東日本大震災トピックス6 001.jpg 先週の日曜日は仙台市若林区で農業を営むお宅(2軒)へうかがって、瓦礫や不用品の撤去と畳あげなどの手伝いをしてきました。比較的津波の被害が少ないとはいってもそのお宅は床上1メートル程度浸水し、海岸線の松の木が窓を破って部屋の中に散乱していて足の踏み場もないほどでした。また、水田の土が押し流されたので粘土質の重たい泥が畳に付着し、一人では担げないほど重く作業はかなりハードなものです。あさっても同じエリアで後片付けなどを行う予定です。
 「ボランティア登録」などというと会社の許可がどうこうと面倒なので、休みの日にボランティア登録をしている友人の後に付いて(自転車で行ける距離)、指示されたことを黙々とこなしています。迷惑にならない程度に…。

東日本大震災トピックス6 006.jpg その仙台市若林区は今回の震災で延べ面積の57%が津波により浸水しました。その浸水したエリアのほとんどが農地(水田)で、農業を営んでいる住民もその多くが高齢者です。昼の休憩の時は、避難所から持ってきたしわくちゃの新聞を広げながら「しゃねぇな。前に進むしかねぇんだ」といって、スコップを握る。そう、立ち止まってはいられません。前へ、前へ進むしかないのです。
▽仙台・若林57%浸水 津波、内陸に最大4キロ(河北新報 3月29日付)
http://bit.ly/fH9hAW


*  *  *
東日本大震災トピックス6 010.jpg 先日、神戸新聞・DS労組の仲間が見舞いに駆けつけてくれました(河北新報労組へ訪問)。16年前の阪神淡路大震災で体験されたことと照らし合わせて、ツイッターなどのソーシャルメディアを活用して新聞社が積極的に情報発信できる優位性などについて意見交換をしました。同労組の長沼委員長は「16年前は新聞産業も販売、広告ともに上昇基調という後押しもあって、神戸新聞は経営的回復も比較的早かったのだろうと思う。しかし、いまは…正直厳しいと思う」。また、「震災で家を失い仮設住宅で暮らすお年寄りなどが孤独死をするという社会現象が起きた。被災者の心のケアも重要。人と人とをつなぐ、いろいろな場を提供することも新聞の役割だ」と語ってくれました。
 長沼委員長どうもありがとう!


 河北新報の紙面には阪神淡路大震災を経験された神戸市民からの応援メッセージが日々掲載されています。3月26日付の一部を引用します。

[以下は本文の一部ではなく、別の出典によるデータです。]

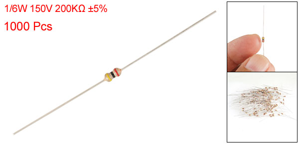 Product Name Carbon Film Resistors Rating Power 1/6W Resistance 200K Ohm Resistance Tolerance ± 5% Withstand Voltage 150V Size(Not Include Leads) 0.36 x 0.17cm / 0.142" x 0.067"(L*D) Leads Dia(Approx) 0.03cm / 0.012" Overall Length(Approx) 4.55cm / 1.8" Color See the Picture Weight 56g Package Content 1000(±2%) Pcs of Carbon Film Resistors - Reviews
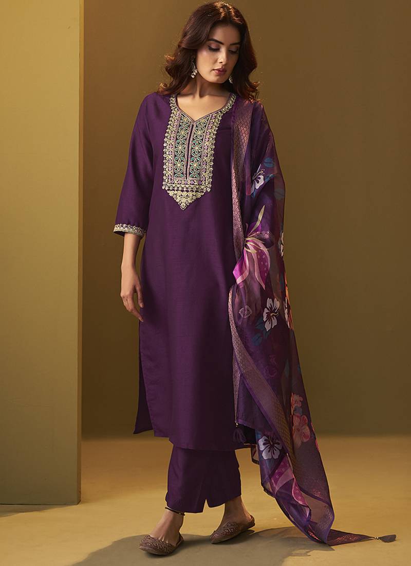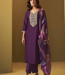 Purple embroidery cotton blend straight kurta set with printed dupatta stitched

▽阪神淡路大震災で、生き地獄を体験しました。こんなことは二度と起きないようにと祈っておりましたが、再び大震災が起きてしまいました。生き残った方は、亡くなった方の分まで生き抜く義務があると思います。難しいかもしれませんが、「宿命」を「使命」に変えて、希望と勇気を持って立ち上がり前進してください。大丈夫です。神戸も完全復興しています。私も神戸の地から、自分のできることを実行していきます。(神戸市灘区・児島信子・主婦・52歳)


▽連日報道される惨状を見るたびに、阪神淡路大震災で家も何も全て失った自身の悲しみを思い出します。皆さんのつらさが共有できる神戸市民として、いち早く義援金に協力しました。被災したからこそ分かる生活用品など、救援物資を集めています。そしてこの気持ちは、全国民に広がっています。東北の方々は本当に我慢強いと思いますが、泣きたいときは我慢しないでくださいね。皆さんは独りじゃないってこと、お知らせしたくて。(神戸市長田区・山本和代・会社員・45歳)


▽16年前の大震災で自宅が全壊し、1カ月後、仙台に半年ほど単身で疎開しました。優しく温かく迎え入れてくれた仙台市、泉区、七北田中学校の皆さん、その3年後のインターハイで仙台に行ったとき、大きく記事にしてくださった河北新報さんにあらためて感謝申し上げます。まだ連絡が取れない友人がいますが、きっとどこかで無事に頑張ってくれていると信じています。(神戸市東灘区・鍵田祐子)


 口先だけではなく、まず行動すること。前へ、前へ進みましょう!

【追伸】
 仙台市内は都市ガスも復旧しはじめ、ライフラインがほぼ確保されてきました。食料品も種類さえ少ないものの不足なく流通網が機能しています。困ったことといえば、ガソリンの供給がいまだに安定していない事ぐらいです。
 全国の皆さまから生活支援物資などが送られています。今だけ委員長のところにも「何か必要なものは?」というありがたい連絡をいただくのですが、今回の地震災害の多くは津波によるものです。津波の被害を受けた沿岸部の被災者へそのような支援物資が届くよう、各方面の方々のご協力をいただきたいと思います。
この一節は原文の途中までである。